STORED DATA |
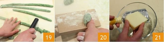Continue as you did before: divide the dough into logs about 1 inch thick and start cutting your gnocchi with a pasta cutter 19. Finally, create the typical ridges 20. As you make them, place the finished gnocchi on a tray covered with a floured cloth. Separately, grate the Montasio 21 and Grana.
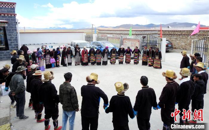 圖為普瑪江塘鄉(xiāng)民眾載歌載舞。 浪卡子縣網(wǎng)信辦供圖
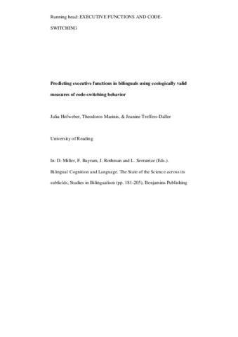 Hofweber, J., Marinis, T., & Treffers-Daller, J. (2016). Effects of dense code-switching on executive control. Linguistic Approaches to Bilingualism, 6(5), 648-668. doi: 10.1075/lab.15052.hof
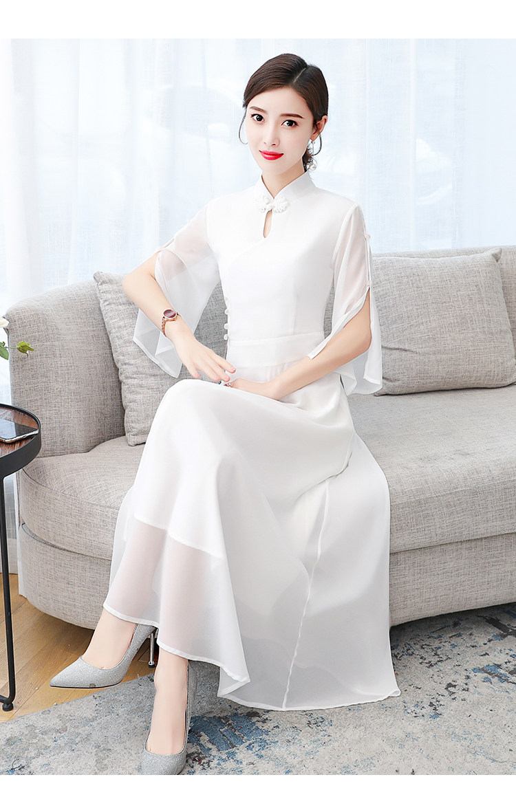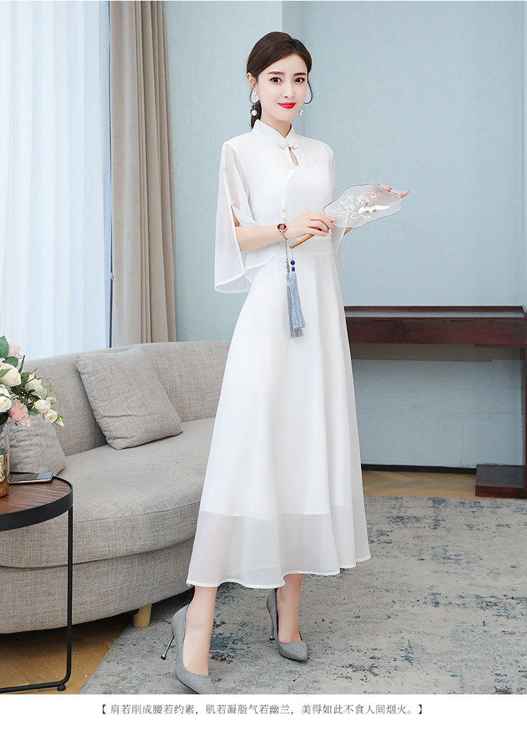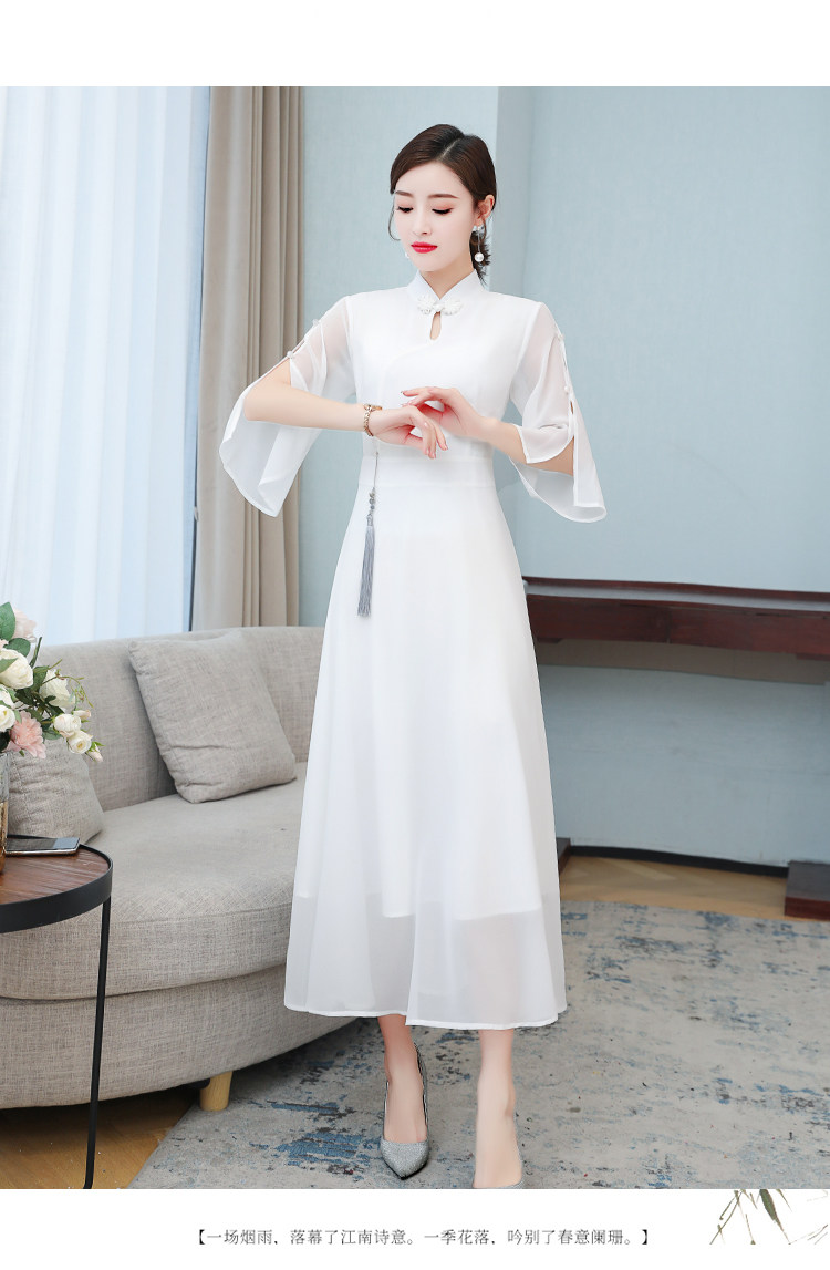 Летнее ципао, длинная цветная юбка, облегающий крой, средней длины

TASK BRIEF |
Everything from the line with "Hofweber, J., Marinis, T., &" through the final line of the material is to be returned exactly, both ends included, apart from the pictures.

SOLUTION TO THIS PROBLEM |
 Hofweber, J., Marinis, T., & Treffers-Daller, J. (2016). Effects of dense code-switching on executive control. Linguistic Approaches to Bilingualism, 6(5), 648-668. doi: 10.1075/lab.15052.hof
 Летнее ципао, длинная цветная юбка, облегающий крой, средней длины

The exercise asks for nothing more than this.